In 2006, there were also efforts to manipulate black voters. Leaflets were distributed throughout predominately minority neighborhoods, warning voters to stay away from the polls if they hadn't paid their parking tickets or child support. Or claiming, falsely, that black leaders had endorsed Republicans.

"The colors of the material were in red, black and green, all designed to encourage African-American voters to think that their African-American representatives were supporting Republican candidates for the Senate seat and the governor's seat," said Sherrilyn Iffil, professor at the University of Maryland Law School and co-chair of the Maryland Attorney General's task force on voter irregularities.

Maryland is doing its best to make sure there are enough properly trained "election judges," better known outside Maryland as poll workers, to handle the crowds.

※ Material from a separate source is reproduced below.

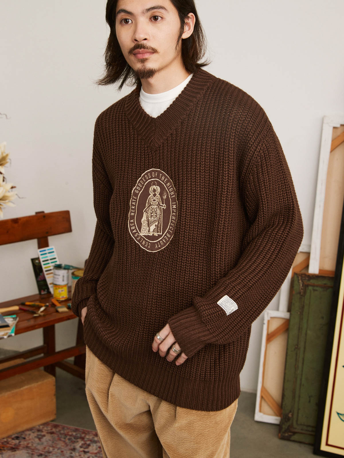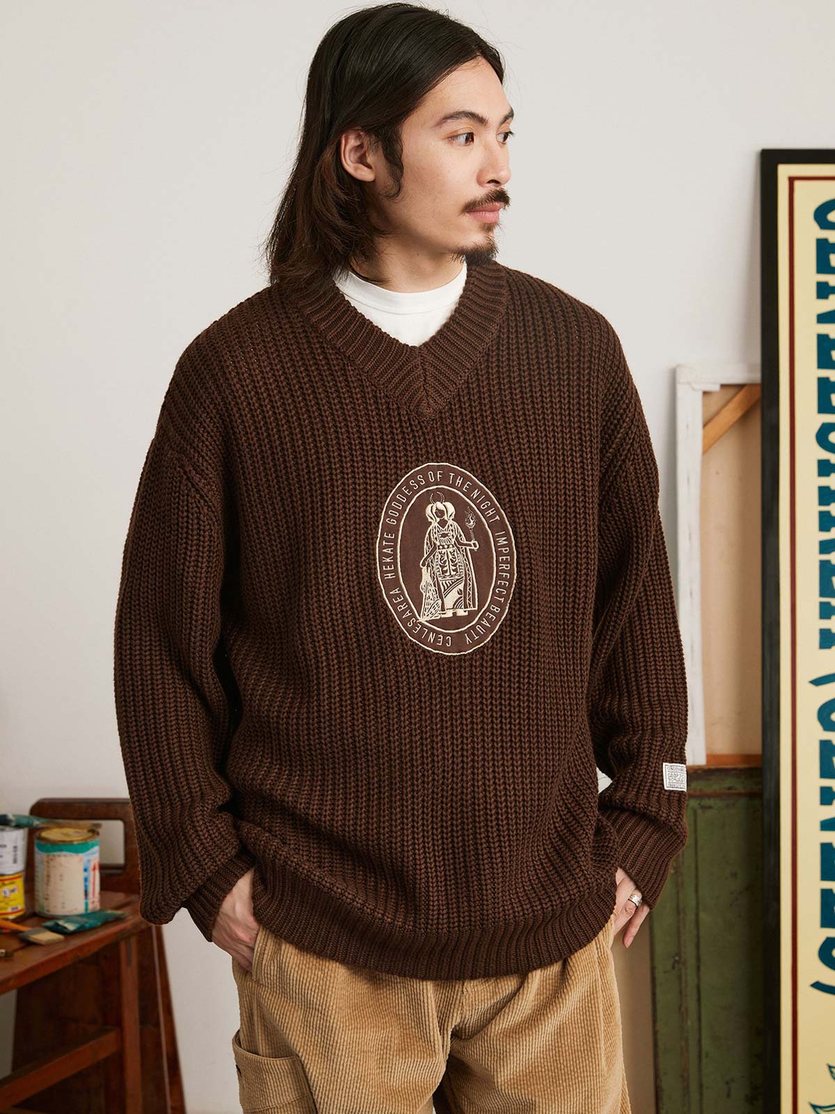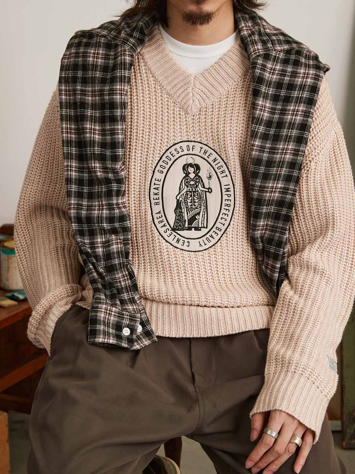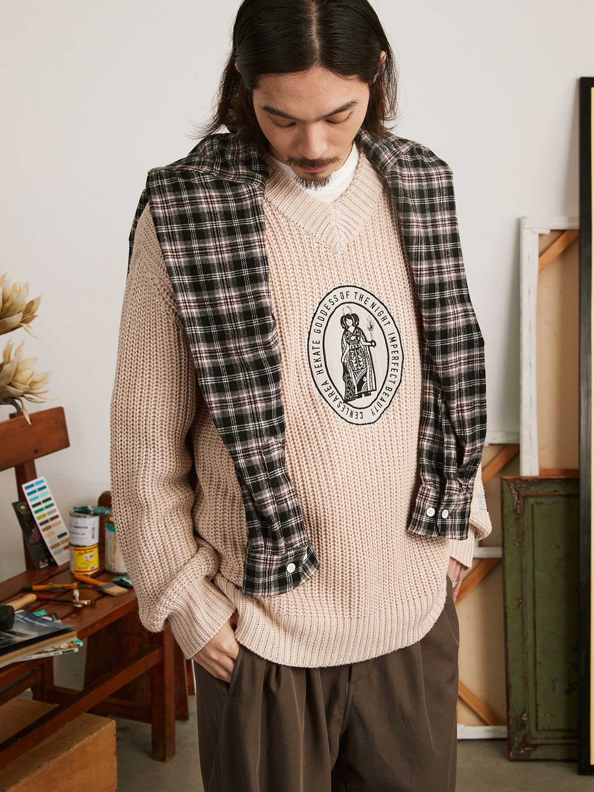 このレトロなウールVネックニットセーターは、抗ピリングウール混紡糸を使用しており、6%ウール、30%アクリル、20%ナイロン、44%ポリエステルで構成されています。優れた保温性能と柔らかな質感を持ち、日常の着用に最適です。生地表面はフランネルのように柔らかく、抗ピリング設計により耐久性があります。3針のパールステッチ技術を用いた編み方で、立体的で厚みのある質感を実現しています。Vネックデザインはクラシックな古着スタイルを踏襲し、独特の個性を演出します。セーターの前面には「夜の女神」のパッチ刺繍が施され、タロットカードとギリシャ神話からインスピレーションを得たデザインで、信念と希望を象徴しています。袖にはブランドタグが付いており、細部までこだわったデザインです。ブラウンとベージュの2色展開で、多様なコーディネートに対応します。

Voters will cast their ballots electronically on high-tech terminals. But the state legislature doesn't trust the new state-of-the-art electronic system, because it realizes there's no piece of paper to double check. After November, Maryland officials plan to return to paper ballots.

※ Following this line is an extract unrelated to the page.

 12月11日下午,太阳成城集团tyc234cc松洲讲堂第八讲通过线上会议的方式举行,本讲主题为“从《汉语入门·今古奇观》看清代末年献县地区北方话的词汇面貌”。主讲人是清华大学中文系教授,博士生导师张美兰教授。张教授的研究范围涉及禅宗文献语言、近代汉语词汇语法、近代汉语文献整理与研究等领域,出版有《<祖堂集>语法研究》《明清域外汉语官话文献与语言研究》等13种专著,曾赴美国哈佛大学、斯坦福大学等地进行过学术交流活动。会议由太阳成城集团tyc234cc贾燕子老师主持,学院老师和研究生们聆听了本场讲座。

Unsure about the fate of their expensive machines, officials said they would likely be sold to another state. The previous voting machines ended up in California's Los Angeles County.

Since voting laws are determined state by state and applied county by county, there's no consistent national standard for voting procedures, even in a presidential campaign.

"Clearly the management of the election itself is going to be at the local level," Cardin said. "But I do think these are national issues. And we do have a responsibility to make sure that everyone can cast their vote and their vote will be counted."

But Maryland's problems are by no means unusual. The watchdog group Common Cause looked at 10 battleground states and found voting irregularities of one sort or another in each of them.

With millions of new voters expected to flock to the polls this year, worry lingers whether the vote will be both fair and secure.